Important: Please open an issue in the issue tracker and get your proposed changes pre-approved by at least one of the project maintainers before you start coding. Nothing is more frustrating than seeing your hard work go to waste because your vision does not align with that of the project maintainers.

Create a branch for your changes

If you decide to fix something, create a feature branch and start hacking.

Note: We use git flow and our most recent changes live on the develop branch.

$ git checkout -b my-feature-branch -t origin/develop

Formatting code

We use [.editorconfig][] to configure our editors for proper code formatting. If you don't use a tool that supports editorconfig, be sure to configure your editor to use the settings equivalent to our .editorconfig file.

Commit your changes

Make sure git knows your name and email address:

$ git config --global user.name "J. Random User"
$ git config --global user.email "[email protected]"

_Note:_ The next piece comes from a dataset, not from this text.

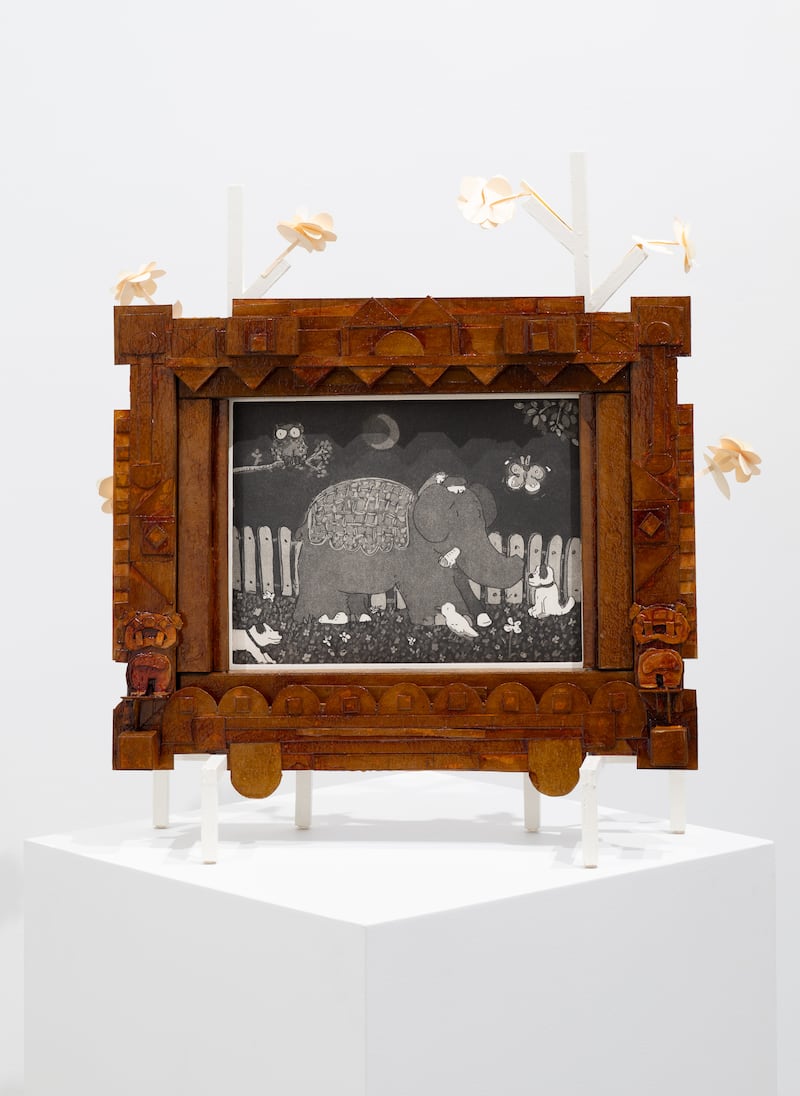 With porcelain bears, elephants, and owls dance in place as ornaments on a wooden tree sculpture—Jeffry Mitchell’s Winter Blooming leans hard into the decorative. There’s an emphasis on gathering, embellishment, and coziness throughout this new body of work that includes ceramics, sculptures, prints and drawings. Mitchell’s signature elephants show up everywhere: a wooden side table and stool, a patina-bronzed mama and calf, aquatint portraits, even gouache on manila envelopes. Familiar animal friends, including alligators, double as handles on butter dishes Even the glazes feel seasonal: dark evergreen, matte white. ASHLEY GIFFORD. 1881 NW Vaughn St., 503-222-0063, pdxcontemporaryart.com. 10 am–6 pm Tuesday–Saturday. Free.

Writing good commit logs is important. A commit log should describe what changed and why. Follow these guidelines when writing one:

  1. The first line should be 50 characters or less and contain a short description of the change including the issue number prefixed by a hash (#).
  2. Keep the second line blank.
  3. Wrap all other lines at 72 columns.

Example of a good commit log:

Fixing Issue #123: make the whatchamajigger work in MarkLogic 9

Body of commit message is a few lines of text, explaining things
in more detail, possibly giving some background about the issue
being fixed, etc.

The body of the commit message can be several paragraphs, and
please do proper word-wrap and keep columns shorter than about
72 characters or so. That way `git log` will show things
nicely even when it is indented.

The header line should be meaningful; it is what other people see when they run git shortlog or git log --oneline.

Rebase your repo

Use git rebase (not git merge) to sync your work from time to time.

$ git fetch upstream
$ git rebase upstream/develop

Test your code

See the sections above on how to test changes to the Data Hub library and/or to the Data Hub Gradle plugin.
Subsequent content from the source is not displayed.